Red Hat Bugzilla – Bug 70172
RHSA-2002:155-11 Openssl Fix for Stronghold 3.0 RedHat/3016c
Last modified: 2007-04-18 12:44:54 EDT
From Bugzilla Helper:
User-Agent: Mozilla/5.0 (X11; U; Linux i686; en-US; rv:0.9.8) Gecko/20020204
Description of problem:
Stronghold 3.0 is not listed in the following Security Advisory:
However it used OpenSSL 0.9.6 which is listed as vulnerable in the latest
openssl advisory: http://www.openssl.org/news/secadv_20020730.txt
Updating to the latest is problematic because Stronghold apparently uses a
custom OpenSSL library (see stronghold_check_ssl_init function as an example).
Will an updated version of Stronghold 3.0 be made available?

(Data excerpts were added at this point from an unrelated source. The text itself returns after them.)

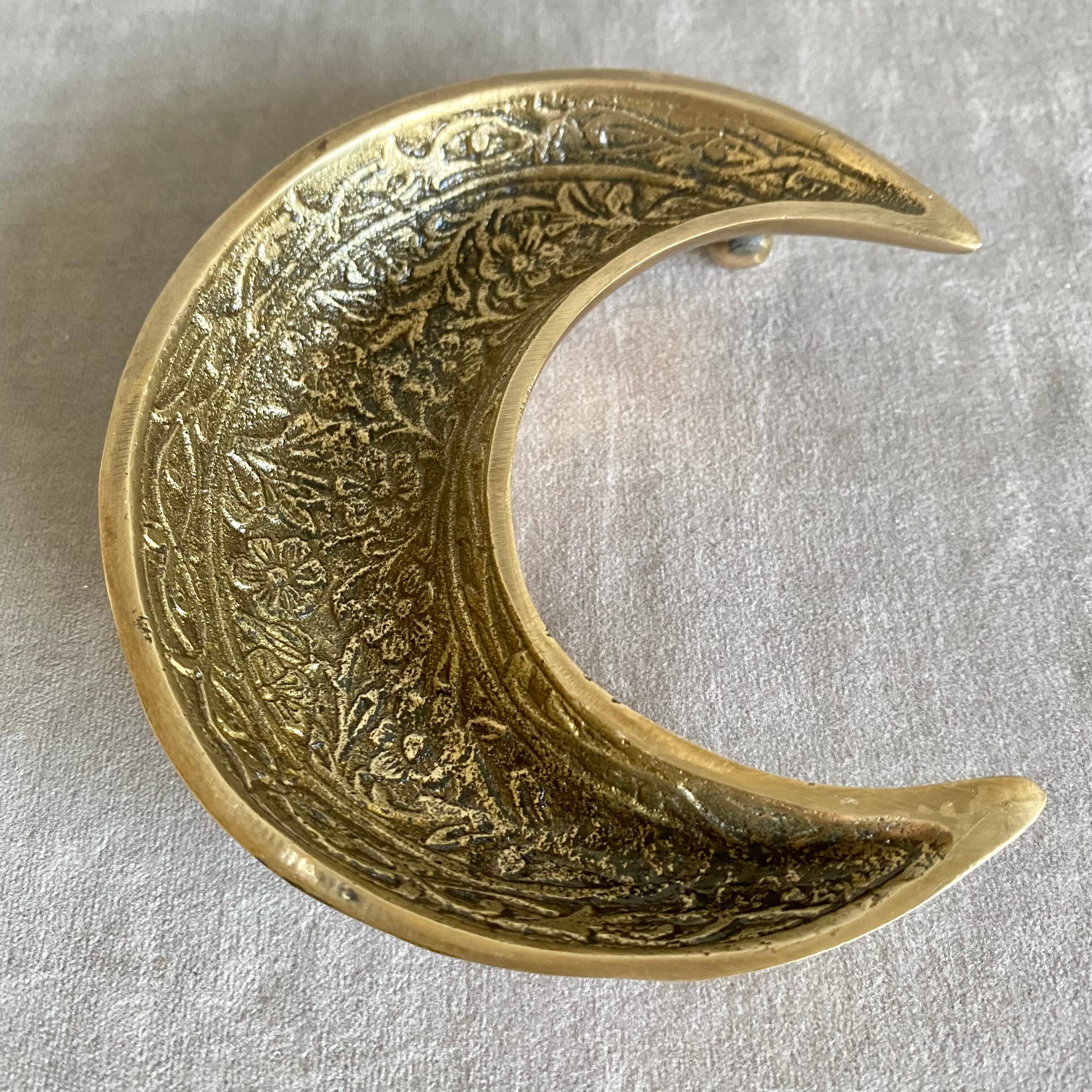 繊細な型押し模様が美しいインドの小さめ月型真鍮トレイ。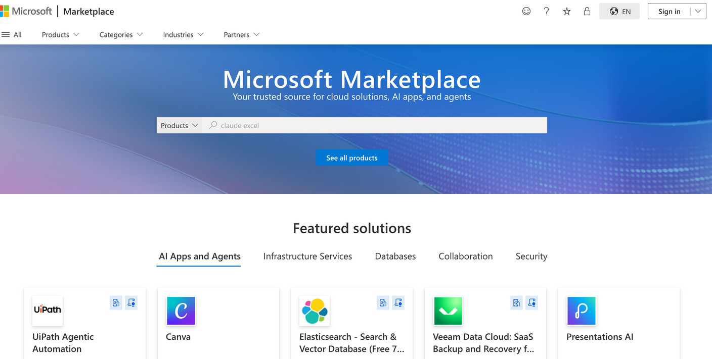 지금부터 엑셀에서 클로드를 사용하는 방법을 알아보겠습니다. 마이크로소프트 마켓플레이스로 들어갑니다.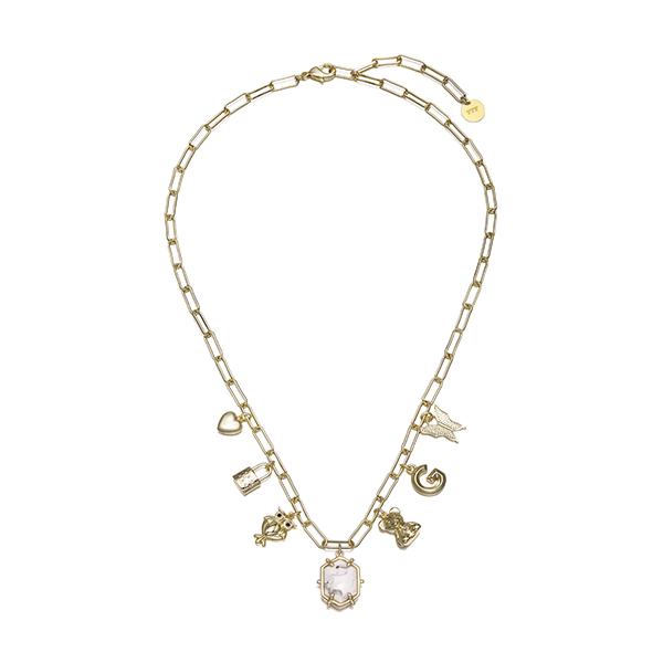 With a blue turquoise surrounded by these pop elements: golden metal alphabet customizable, heart, lock, butterfly, owl, and little bear, the necklace completes a sense of fun and freedom. It’s easy to wear for its lobster clasp design.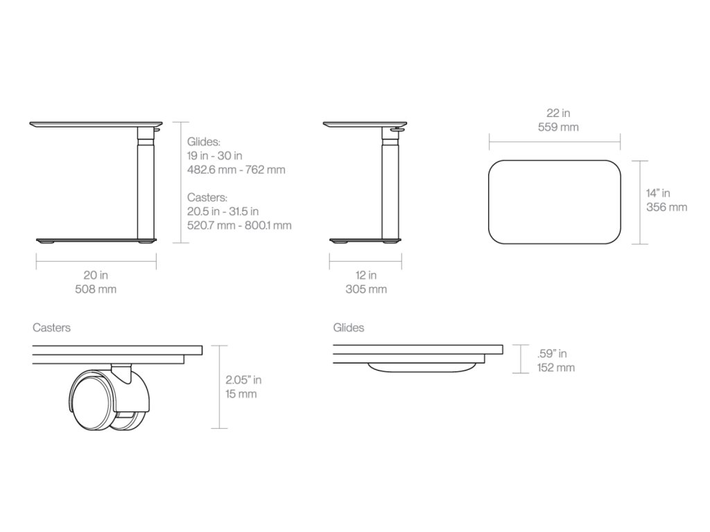 - height range with glides: 482.6 mm - 762 mm (from floor to top)

Version-Release number of selected component (if applicable):
Steps to Reproduce:
Sorry about the version number above, 3.0 was not a choice.
New releases of Stronghold 3.0 containing patches for the OpenSSL issue were
made available yesterday at the Stronghold download site,
http://stronghold.redhat.com/. It looks like an advisory mentioning this hasn't
been sent out yet, we'll get that fixed.